The reply to the records below should contain exactly the lines from the line with "കുഞ്ഞികൃഷ്ണനെ അനുകൂലിച്ച് പോസ്റ്ററുകളുണ്ട്." through the line with "กับโครงการสิรีพฤกษศิลป์ ครั้งที่ 𝟴", and nothing besides.

> Information shown:
········
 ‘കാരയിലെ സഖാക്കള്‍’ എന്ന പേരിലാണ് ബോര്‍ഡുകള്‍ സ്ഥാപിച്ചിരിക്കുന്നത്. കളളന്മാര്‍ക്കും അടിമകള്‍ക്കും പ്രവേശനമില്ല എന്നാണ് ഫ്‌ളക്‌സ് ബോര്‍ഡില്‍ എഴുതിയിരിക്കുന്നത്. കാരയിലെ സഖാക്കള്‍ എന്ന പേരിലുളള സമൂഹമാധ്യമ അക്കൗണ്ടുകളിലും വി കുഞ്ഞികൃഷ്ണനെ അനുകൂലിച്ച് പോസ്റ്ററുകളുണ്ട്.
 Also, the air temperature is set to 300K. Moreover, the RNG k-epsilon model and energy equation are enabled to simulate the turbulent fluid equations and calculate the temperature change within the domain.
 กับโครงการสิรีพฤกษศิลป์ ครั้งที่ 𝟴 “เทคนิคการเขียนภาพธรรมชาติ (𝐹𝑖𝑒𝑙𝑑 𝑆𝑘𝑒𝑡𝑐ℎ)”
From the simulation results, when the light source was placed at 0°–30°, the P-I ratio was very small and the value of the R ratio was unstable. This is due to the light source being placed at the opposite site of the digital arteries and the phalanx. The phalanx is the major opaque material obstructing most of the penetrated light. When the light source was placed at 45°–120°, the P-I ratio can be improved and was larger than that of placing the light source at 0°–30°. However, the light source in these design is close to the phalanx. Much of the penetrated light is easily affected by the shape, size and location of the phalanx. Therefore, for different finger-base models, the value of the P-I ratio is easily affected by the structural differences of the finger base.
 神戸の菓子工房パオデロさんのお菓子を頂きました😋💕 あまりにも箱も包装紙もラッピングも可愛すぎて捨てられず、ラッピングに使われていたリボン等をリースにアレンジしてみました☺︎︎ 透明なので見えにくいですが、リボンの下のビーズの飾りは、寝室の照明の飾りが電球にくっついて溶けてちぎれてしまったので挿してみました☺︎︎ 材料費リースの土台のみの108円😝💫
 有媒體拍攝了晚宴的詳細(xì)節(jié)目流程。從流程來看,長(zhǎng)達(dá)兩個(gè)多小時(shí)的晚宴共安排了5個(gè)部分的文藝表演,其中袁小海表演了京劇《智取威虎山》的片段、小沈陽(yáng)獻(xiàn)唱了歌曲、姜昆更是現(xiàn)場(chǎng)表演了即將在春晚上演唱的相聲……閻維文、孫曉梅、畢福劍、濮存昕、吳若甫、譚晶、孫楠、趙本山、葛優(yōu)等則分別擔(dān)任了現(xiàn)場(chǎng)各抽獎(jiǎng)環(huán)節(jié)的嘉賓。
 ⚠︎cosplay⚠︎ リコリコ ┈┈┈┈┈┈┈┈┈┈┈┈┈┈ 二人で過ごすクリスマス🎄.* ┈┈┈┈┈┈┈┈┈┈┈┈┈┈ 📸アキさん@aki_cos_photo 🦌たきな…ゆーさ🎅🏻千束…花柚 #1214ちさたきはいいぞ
········
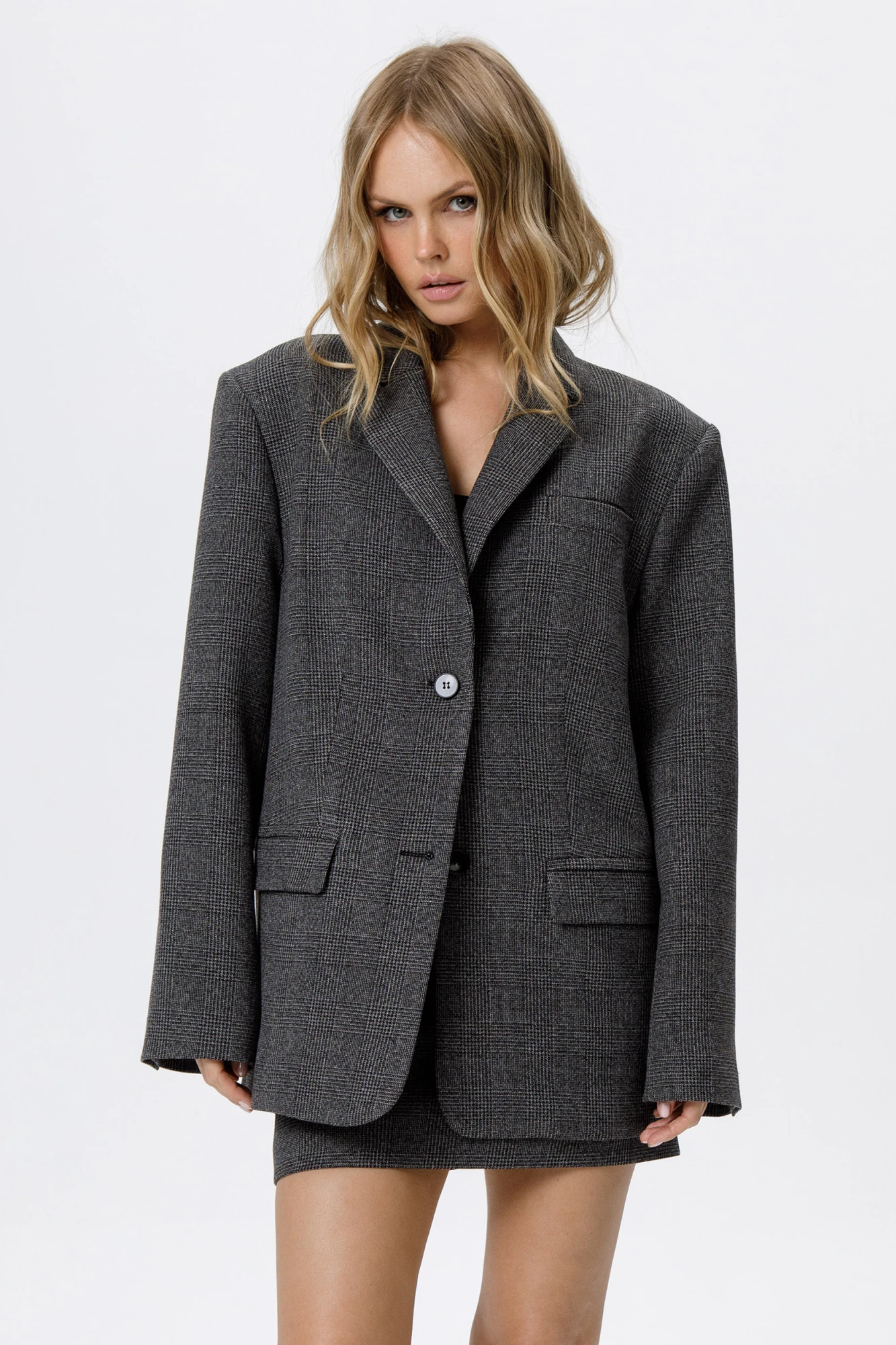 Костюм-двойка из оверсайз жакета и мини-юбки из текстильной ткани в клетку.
········
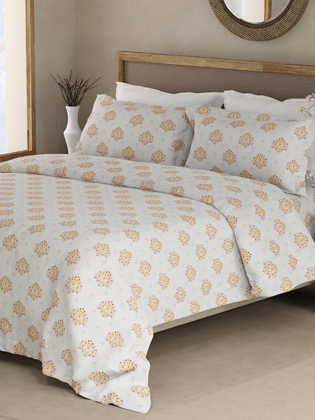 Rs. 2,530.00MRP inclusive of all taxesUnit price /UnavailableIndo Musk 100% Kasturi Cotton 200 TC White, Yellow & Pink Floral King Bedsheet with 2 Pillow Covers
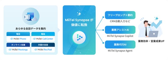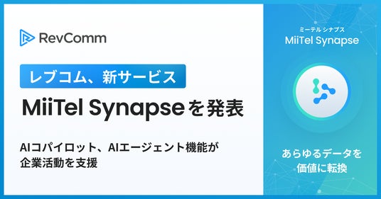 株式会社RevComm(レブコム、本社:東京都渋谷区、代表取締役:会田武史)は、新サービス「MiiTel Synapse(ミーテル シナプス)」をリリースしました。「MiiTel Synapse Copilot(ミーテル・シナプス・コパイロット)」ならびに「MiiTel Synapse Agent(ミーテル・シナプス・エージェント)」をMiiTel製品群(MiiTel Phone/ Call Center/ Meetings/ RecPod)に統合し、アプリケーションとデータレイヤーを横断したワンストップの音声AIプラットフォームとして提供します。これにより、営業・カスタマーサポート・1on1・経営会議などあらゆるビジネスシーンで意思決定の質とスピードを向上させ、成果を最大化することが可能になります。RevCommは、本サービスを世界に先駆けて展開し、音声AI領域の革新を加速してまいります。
········
> Task response:
 ‘കാരയിലെ സഖാക്കള്‍’ എന്ന പേരിലാണ് ബോര്‍ഡുകള്‍ സ്ഥാപിച്ചിരിക്കുന്നത്. കളളന്മാര്‍ക്കും അടിമകള്‍ക്കും പ്രവേശനമില്ല എന്നാണ് ഫ്‌ളക്‌സ് ബോര്‍ഡില്‍ എഴുതിയിരിക്കുന്നത്. കാരയിലെ സഖാക്കള്‍ എന്ന പേരിലുളള സമൂഹമാധ്യമ അക്കൗണ്ടുകളിലും വി കുഞ്ഞികൃഷ്ണനെ അനുകൂലിച്ച് പോസ്റ്ററുകളുണ്ട്.
 Also, the air temperature is set to 300K. Moreover, the RNG k-epsilon model and energy equation are enabled to simulate the turbulent fluid equations and calculate the temperature change within the domain.
 กับโครงการสิรีพฤกษศิลป์ ครั้งที่ 𝟴 “เทคนิคการเขียนภาพธรรมชาติ (𝐹𝑖𝑒𝑙𝑑 𝑆𝑘𝑒𝑡𝑐ℎ)”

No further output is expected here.